Wednesday, January 21, 2015

Top 10 U.S. Long Distance Hiking Trails

by Drew Hanson

On Monday The Guardian ran a story under the heading, “Top 10 long-distance hiking trails in the US.” Having hiked parts of most of these and many other trails, this hiker likes The Guardian’s list.

above the John Muir and Pacific Crest trails,
Cathedral Range, CA, 1999
Some of the trails on the list are well known, like two outside of Wisconsin I’ve explored the most: the Pacific Crest Trail and John Muir Trail. While the Appalachian Trail is of course also listed it is a few of the lesser known ones that I'd like to give a little more attention.

I was glad to see the Ozark Highlands Trail on the list.

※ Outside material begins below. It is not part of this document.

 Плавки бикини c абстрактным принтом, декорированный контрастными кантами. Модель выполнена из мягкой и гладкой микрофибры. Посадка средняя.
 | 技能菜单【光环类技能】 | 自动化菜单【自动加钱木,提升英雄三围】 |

Two of my four Ozarks trips included hikes on portions of this fairly unknown trail. It is especially awesome to explore in spring while the redbud and dogwood are in bloom.

Seeing the Long Trail on the list brought to mind some of its fall line routes up the side of one Vermont-version-of-a-mountain and down the fall line of the other side. A friend and I spent a memorable night at The Inn At Long Trail, which offers the sort of hiker services a few more trails need.

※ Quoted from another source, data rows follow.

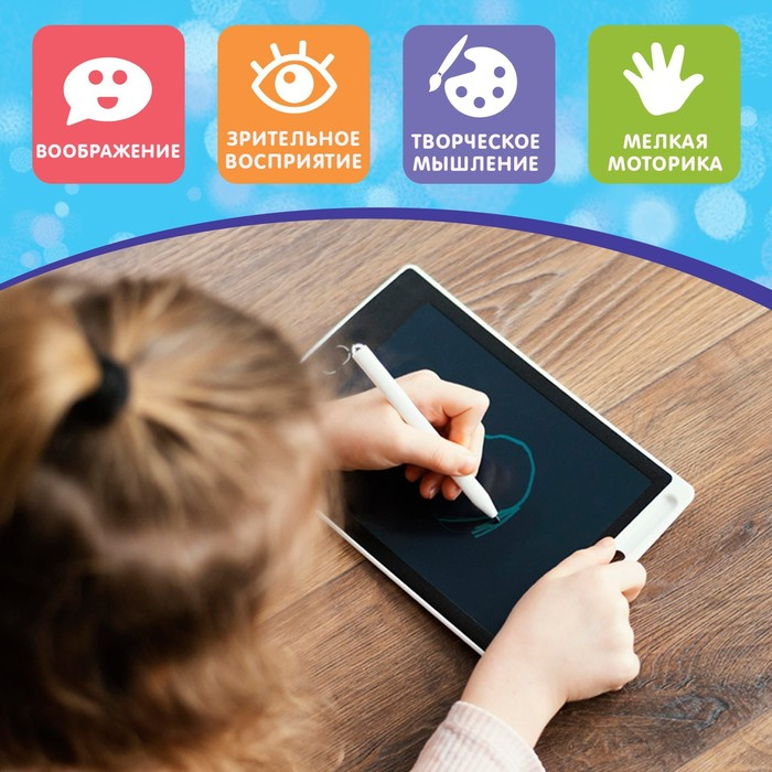 - На планшете можно записывать буквы и цифры, слова и арифметические примеры, поэтому он подходит для обучающих занятий.
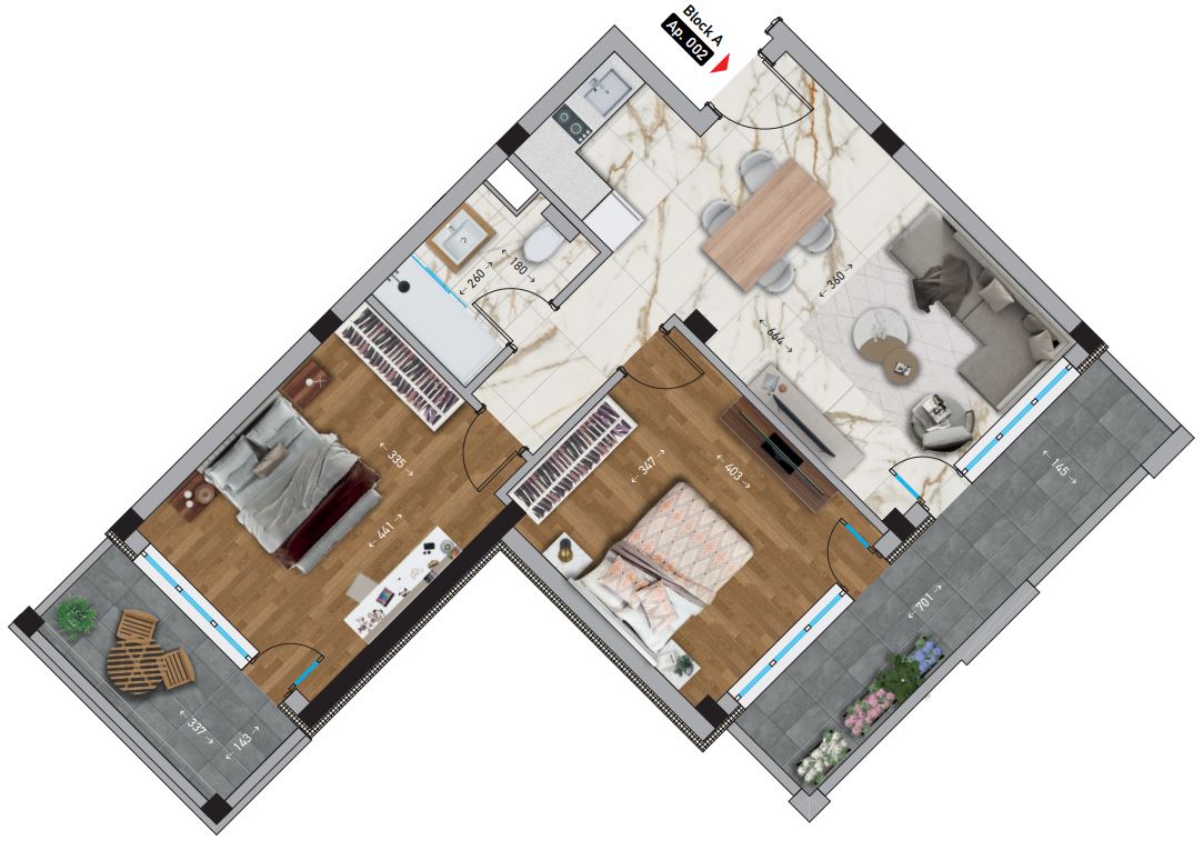 The apartment is delivered fully finished “turnkey”, allowing immediate use after completion. An optional furniture package is also available, designed to match the style and architecture of the complex.
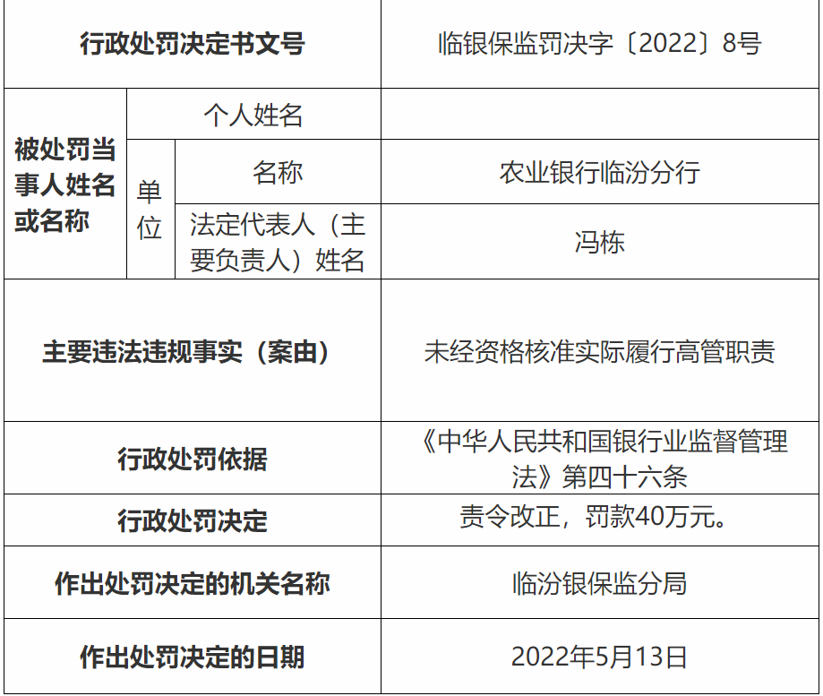 臨銀保監(jiān)罰決字〔2022〕8號(hào)

There is one small correction I would make to The Guardian’s write-up on the Ice Age Trail. It states, “Only a handful of people hike the entire trail each year.” Actually 50 people completed the entire Ice Age Trail in the past 4 years. That’s more than who hike some of the other trails on the list. If you look at the 5, 10 or 20 year trend line, the rate at which people are completing the entire Ice Age Trail is going up. Someday more people will hike the entire Ice Age Trail than perhaps even the Appalachian Trail.

The Guardian article is major news for the lesser known trails. The international newspaper based in England has a daily print and online readership of over 9 million. In 2012 its online edition was reportedly the third most widely read in the world. If you live near one of the lesser known trails but are not involved in any way with them, this news should be a hint that you might be missing something. The lesser known trails are not crowded to hike and could likely use your support to make them even better.

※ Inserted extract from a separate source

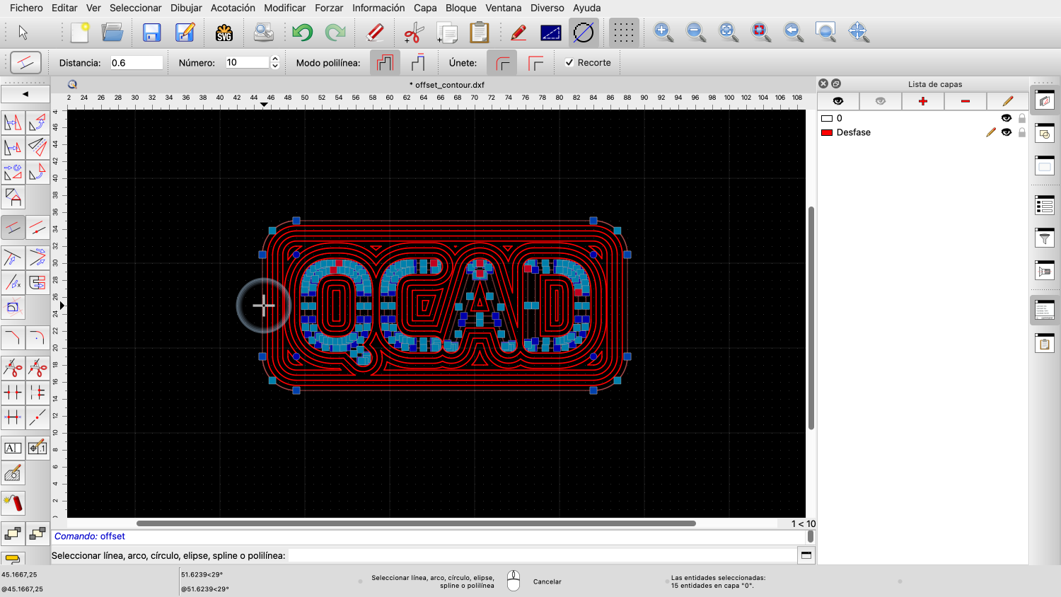 QCAD dejará automáticamente de crear desfases cuando no haya más desfases posibles.
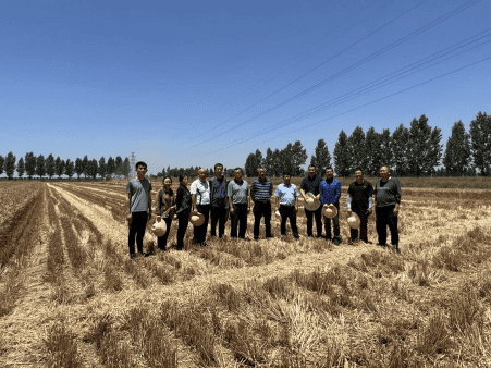 615日陜西省農(nóng)業(yè)機械研究所有限公司相關技術人員應陜西省農(nóng)業(yè)機械產(chǎn)業(yè)技術體系邀請,赴寶雞市陳倉區(qū)小麥寬幅播種試驗示范基地參加了現(xiàn)場實收測產(chǎn)和研討會。

If ten or twenty years ago you had a mediocre experience on one of the lesser known trails, it is time you come back for a second hike. I strongly recommend hiking any Ice Age Trail segment constructed by the Mobile Skills Crew in the past dozen years for it is these segments built using advanced design and construction techniques that are an absolute pleasure to hike and undoubtedly part of the reason the IAT landed itself in such worldly news.